– Этот хаос – кажущийся, – сказал Милаев. – Если долго наблюдать, то обнаруживаются свои законы поведения, свои иерархии.
Мальчик с лицом, показавшимся мне нормальным, ходил меж кроватей и пальцем тыкал во всех встречающихся.
– Здесь есть свои вожаки, – пояснил Милаев. – Отчасти их поведение схоже с поведением вожаков крысиной стаи. Мы дали им имена. Вот, с маленьким лбом... Можно сказать, вообще без лба. Видите? Это Сэл. И этот, миловидный... Да, у которого не закрывается рот – такое ощущение, что он всегда улыбается.
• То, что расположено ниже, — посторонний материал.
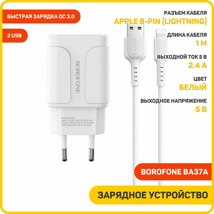 Сетевое зарядное устройство (СЗУ) Borofone BA37A (2 USB) + кабель Lightning, 2.4 А, белый информация:
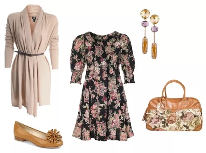 cardigan H&M 129 zł, sukienka KappAhl, torebka BGN, baleriny Salamader 1250 zł, kolczyki W. Kruk

Он Гер. Они... им все подчиняются. Сэл и Гер, вот.
Почти никто не плакал; впрочем, ничего не было слышно. Но по мимике казалось, хаотично перемещающиеся дети либо разговаривают, либо поют.
– Откуда вы их набрали? – спросил я.
– Это не проблема. Как я понимаю, через Платона Анатольевича несколько психбольниц переводят своих малолетних пациентов сюда...
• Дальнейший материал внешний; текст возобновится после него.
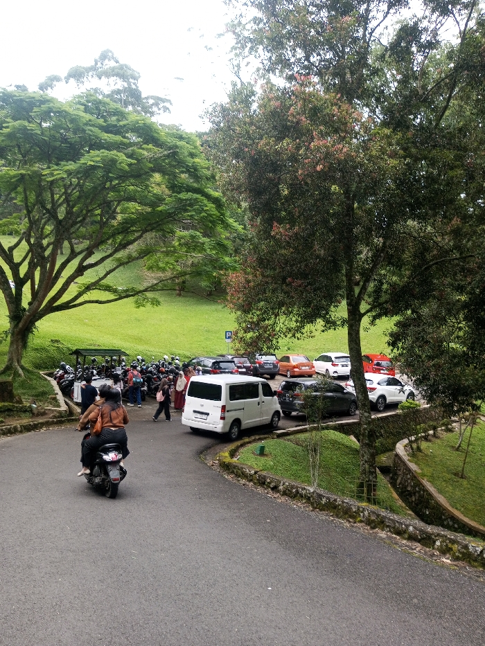 The image depicts an outdoor recreational area or park in Padegaon, India. A paved asphalt road curves through the scene, leading to a multi-modal vehicle parking facility. In the foreground, a dark-colored scooter with two occupants, both facing away, travels on the road. To the left, a designated motorcycle parking area contains dozens of scooters and motorcycles beneath a green-roofed shelter. Adjacent to this, a car parking lot holds approximately ten vehicles, including a white minivan, a dark grey SUV, an orange sedan, a white hatchback, and a red sedan. A blue "P" parking sign on a pole marks the car parking area. A group of approximately 10-15 pedestrians, some wearing head coverings, are observed walking and standing within the parking areas, primarily between the motorcycle and car sections. The surrounding environment consists of rolling green grassy slopes and numerous mature trees, with a large, wide-branched tree prominent on the left. The sky is overcast. A stone-lined drainage channel parallels the road on the right.
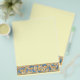 Un bonito ilustracion victoriano o gótico con elegantes plumas flotantes en azul y crema sobre un fondo azul y tostado.
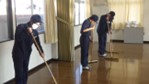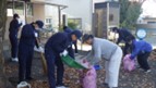 女性部の皆さんとの会話を楽しみながら、たくさんの落ち葉を集めたり、調理室や会議室、廊下等の清掃を行ったりしました。植栽活動では、生徒が作ったジニアとパンジーのプランターを玄関に設置させていただきました。清掃では、授業で習得したタオルや自在ほうき、湿式モップ等の清掃技術を発揮する場にもなりました。

Ближе всего к нам находились два головастых существа, мальчик и девочка. Он сидел на корточках, она стояла перед ним в приспущенных до колен кальсонах. Он смотрел на ее обнаженные половые органы.
– Хотите, включу звук? – спросил Милаев.
– Ну, включите, – я пожал плечами. Мне казалось, что там не может быть ничего интересного.
В одну секунду помещение, где мы находились, наполнилось воем и криками.
Обитатели этого аквариума непрестанно вопили.
Мальчик, который рисовал на стекле и стирал, ныл. Игравшие в непонятную игру орали в голос друг на друга. Мычал сидевший на корточках и смотревший в лобок. Какое-то слово выкрикивал то ли Сэл, то ли Гер, как будто каркал. «Раг! – произносил он резко, несколько раз в минуту. – Раг! ...рраг!»
– Это... это скотобойня, – сказал я, но Милаев не расслышал.
С минуту я пытался попасть ключом в замок собственной двери, и мне никак не удавалось это сделать.
«Может быть, я перепутал этаж?» – подумал в испуге. Пошарил рукой по стене, нашел выключатель, щелкнул – и в подъезде вспыхнул свет. Пока я здесь жил, лампочка была вечно перегоревшей.
Замок на двери был заменен, увидел я при свете.
Я нажал кнопку звонка около сорока раз, но к двери никто не подходил.
В нелепой надежде, что в связке найдется ключ и от нового замка, еще некоторое время я пытался открыть дверь. Вдруг очнувшись, сообразил, что очередной, тщетно примеряемый мной к замку ключ – от Алькиных дверей.
Спотыкаясь и торопясь, выбежал из подъезда: метро, тут где-то было метро.
...Ветка зеленая, на такой сидела Алька, как птица...
...и еще какая-то желтенькая ветка: август, август – все выгорело, все желтеет...
Нам на выход.
Очутился на белом свете в хорошем настроении. Бывает, что спустишься в метро и уверен, что на улице всё еще день, но выйдешь, а там фонари уже, и машины норовят дальний свет включить, осмотреться, куда они попали. Но изредка случается наоборот: едешь куда-нибудь долго, настроишься уже на вечер, полутьму, а то и сумерки, но поднимешься на эскалаторе, толкнешь одну тяжелую дверь, вторую – и глазам не веришь: всюду солнце.